The nation’s highest court decided to return a challenge to the question to lower courts, which have already voiced suspicion about the Trump administration’s rationale for including the question. The White House claimed it needs to ask people about their citizenship status so it can better enforce voting rights laws; Chief Justice John Roberts wrote that its claim was inadequate but agreed to give the administration an opportunity to provide a better reason for including the question for the first time since 1950.
Compelling evidence being considered by lower courts indicates the push to include the question was based solely on a desire to shrink a significant part of the Democratic Party’s base. A September 2018 University of California-Los Angeles study estimated that the question could result in an undercount of roughly 15 percent among Hispanics, the source of more than half of the nation's 43 million foreign-born residents and a reliable part of the Democratic Party's coalition.

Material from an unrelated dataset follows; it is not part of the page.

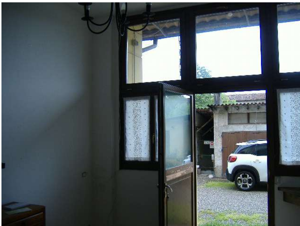
P.T – Zona giorno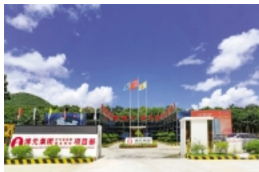
三亚时分亚龙湾项目部

编者按:“做好今天的现场,赢得明天的市场”。在项目施工过程中,博元集团海南分公司严格按照公司《安全文明施工标准化手册》、《海南省建筑施工安全标准化管理规定》要求组织施工,并从办公区、生活区设施以及扬尘治理、噪音控制等方面入手,用高标准的质量形象、安全形象、文明形象,树立了博元集团鲜明的企业形象。海南分公司自2020年10月搬迁至海口以来,进一步加大对海口、文昌、三亚、儋州、博望等地区的市场开拓力度,先后承建了儋州中南智慧城、三亚澜山金曲、文昌光清澜雅居、三亚天誉租赁式住宅、文昌约亭勤富产业园等项目,其中文昌清澜雅居项目获得2021年龙光集团品质安全联合检查第一名的好成绩,海南文昌电视台《文昌新闻》栏目走进文昌清澜雅居项目建设工地进行专题采访报道。正是对品质的不懈追求,博元集团在海南建筑领域赢得了好口碑。

The discovery of secret files on the computer of Thomas Hofeller, a Republican strategist who died last year, prompted a new round of litigation even as the Supreme Court considered challenges to the question. The files indicate that Republicans clearly thought including a citizenship question would give them a better chance of controlling the House of Representatives and the Electoral College because it would discourage Hispanic participation in the 2020 Census.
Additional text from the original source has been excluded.